God and Whisky, prose poetry by Pablo Cúzco at Spillwords.com

God and Whisky

God and Whisky [sic]

The Flowers of Dawn

written by: Pablo Cúzco

 

The sun rises blurred and wrinkled | headache waves crash inside my brain. Nuclear explosions detonate and a circular saw cuts its path on a plank of rock maple | loud | it sounds like it’s coming from the room next door. Ave Maria! –in full chorale breaks my ears | a death rattle chokes me. I pull myself up. The bed smells of last night. These sunrises have got to stop.

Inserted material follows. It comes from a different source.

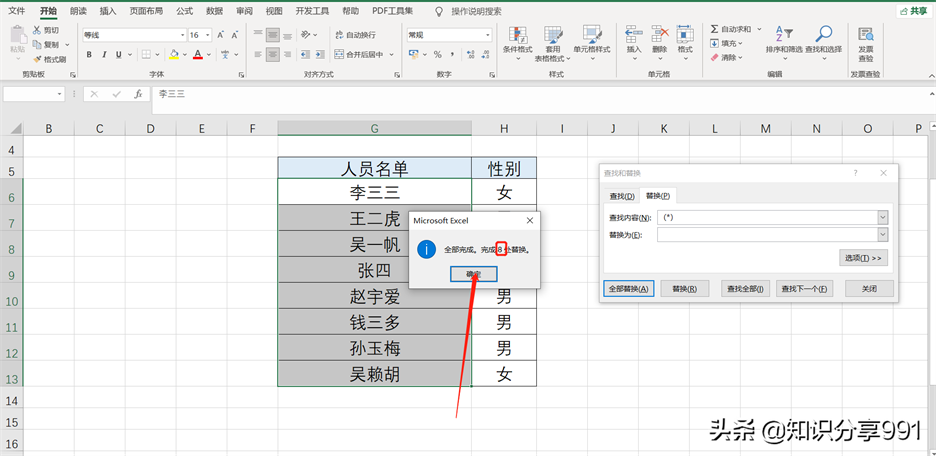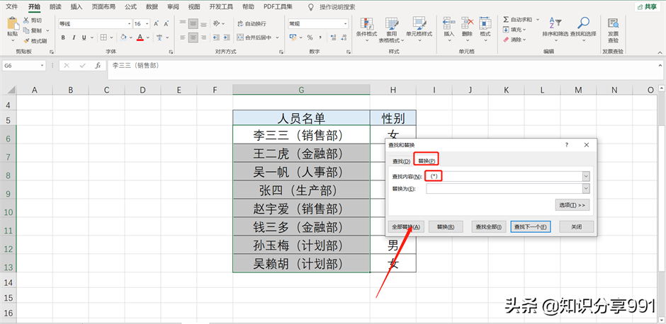 以上设置完成后,人员名单中带括号部分就全部一起被删除掉了。这就是利用通配符快速批量删除内容的小技巧。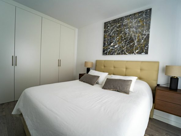 On the first floor, two well-appointed bedrooms provide cozy sleeping arrangements—one with a double bed and the other with two single beds. The top floor is reserved for the master suite, complete with a private bathroom and an exclusive terrace, offering the perfect spot to enjoy quiet moments in the sun.

A yellow moon rises over the rooftops–strikes awe in silence. A dark sky melts into streetlights | wine bottles clutter in the alley | a cat howls. Bleary-eyed and laughing | incoherently | I stumble through a pile of yesterday’s good intentions | crowned with a halo of spirits–God and Whisky (the One and the Same) –my head a cap of moon beams.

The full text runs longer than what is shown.